● Exercise brief: Print exactly the lines below between the line containing "フライパンにサラダ油を強めの" and the line containing "Flare pants. Linen", counting both of those lines. Leave pictures out.

● Material provided:

*** Begin section ***

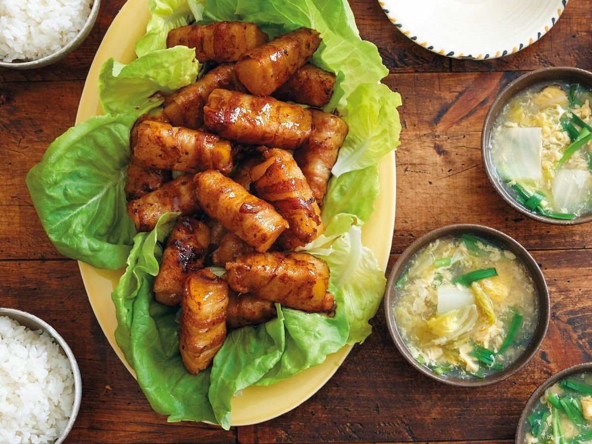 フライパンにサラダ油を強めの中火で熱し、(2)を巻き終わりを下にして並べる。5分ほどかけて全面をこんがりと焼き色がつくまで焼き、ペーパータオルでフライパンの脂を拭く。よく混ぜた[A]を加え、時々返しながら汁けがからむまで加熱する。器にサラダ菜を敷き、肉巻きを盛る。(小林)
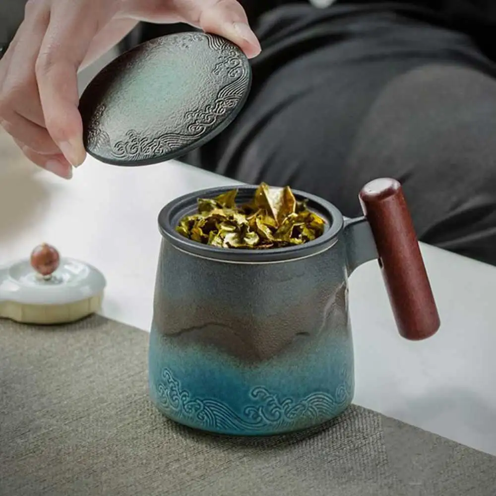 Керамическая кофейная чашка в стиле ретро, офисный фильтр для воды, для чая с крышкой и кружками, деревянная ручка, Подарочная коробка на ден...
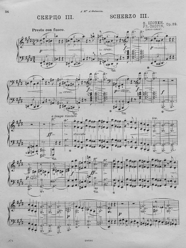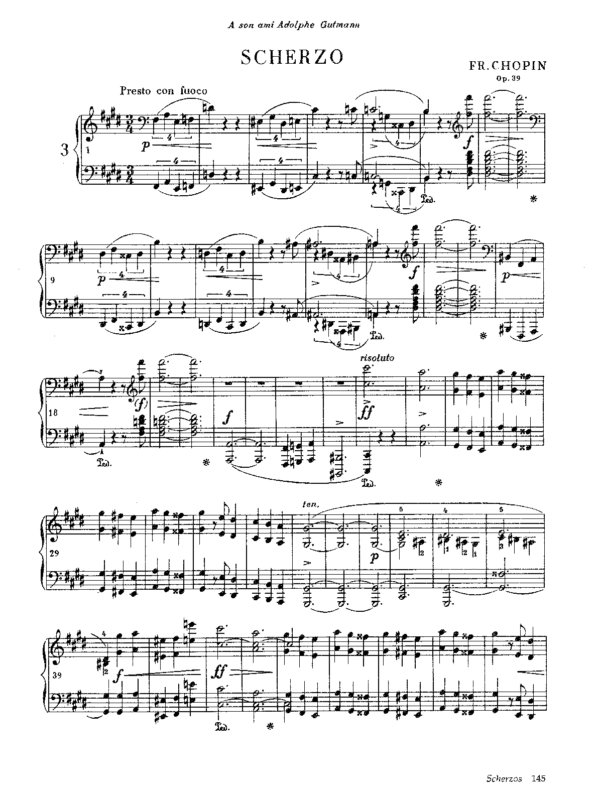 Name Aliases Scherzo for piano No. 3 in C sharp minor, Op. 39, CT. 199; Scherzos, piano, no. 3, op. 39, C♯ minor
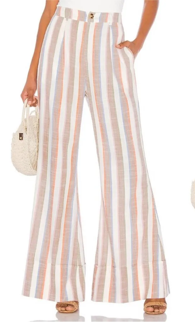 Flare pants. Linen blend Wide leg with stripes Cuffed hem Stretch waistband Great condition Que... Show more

*** End section ***
*** Begin section ***

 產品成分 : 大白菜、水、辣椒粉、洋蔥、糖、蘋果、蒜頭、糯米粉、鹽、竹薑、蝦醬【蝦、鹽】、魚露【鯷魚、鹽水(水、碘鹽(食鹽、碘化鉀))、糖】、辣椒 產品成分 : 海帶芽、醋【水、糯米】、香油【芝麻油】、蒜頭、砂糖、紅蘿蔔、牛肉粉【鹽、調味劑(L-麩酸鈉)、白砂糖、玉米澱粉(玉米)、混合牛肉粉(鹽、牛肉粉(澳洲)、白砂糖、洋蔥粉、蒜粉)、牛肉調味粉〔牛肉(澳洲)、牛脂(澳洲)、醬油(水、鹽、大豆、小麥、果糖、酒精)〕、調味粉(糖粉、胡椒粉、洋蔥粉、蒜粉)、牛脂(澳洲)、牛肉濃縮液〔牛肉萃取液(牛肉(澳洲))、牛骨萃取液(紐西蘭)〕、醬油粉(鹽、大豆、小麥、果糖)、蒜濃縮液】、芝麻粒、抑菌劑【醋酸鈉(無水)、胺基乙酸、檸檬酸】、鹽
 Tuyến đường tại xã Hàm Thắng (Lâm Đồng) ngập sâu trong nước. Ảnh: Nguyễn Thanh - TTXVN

*** End section ***
*** Begin section ***

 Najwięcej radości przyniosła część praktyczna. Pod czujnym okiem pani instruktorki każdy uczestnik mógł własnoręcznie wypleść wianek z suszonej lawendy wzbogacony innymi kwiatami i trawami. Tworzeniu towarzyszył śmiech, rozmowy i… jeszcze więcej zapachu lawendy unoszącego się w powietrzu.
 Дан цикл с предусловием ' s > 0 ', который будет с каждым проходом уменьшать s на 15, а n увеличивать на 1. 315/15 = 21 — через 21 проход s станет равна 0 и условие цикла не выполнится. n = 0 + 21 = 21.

*** End section ***

● Result:
 フライパンにサラダ油を強めの中火で熱し、(2)を巻き終わりを下にして並べる。5分ほどかけて全面をこんがりと焼き色がつくまで焼き、ペーパータオルでフライパンの脂を拭く。よく混ぜた[A]を加え、時々返しながら汁けがからむまで加熱する。器にサラダ菜を敷き、肉巻きを盛る。(小林)
 Керамическая кофейная чашка в стиле ретро, офисный фильтр для воды, для чая с крышкой и кружками, деревянная ручка, Подарочная коробка на ден...
 Name Aliases Scherzo for piano No. 3 in C sharp minor, Op. 39, CT. 199; Scherzos, piano, no. 3, op. 39, C♯ minor
 Flare pants. Linen blend Wide leg with stripes Cuffed hem Stretch waistband Great condition Que... Show more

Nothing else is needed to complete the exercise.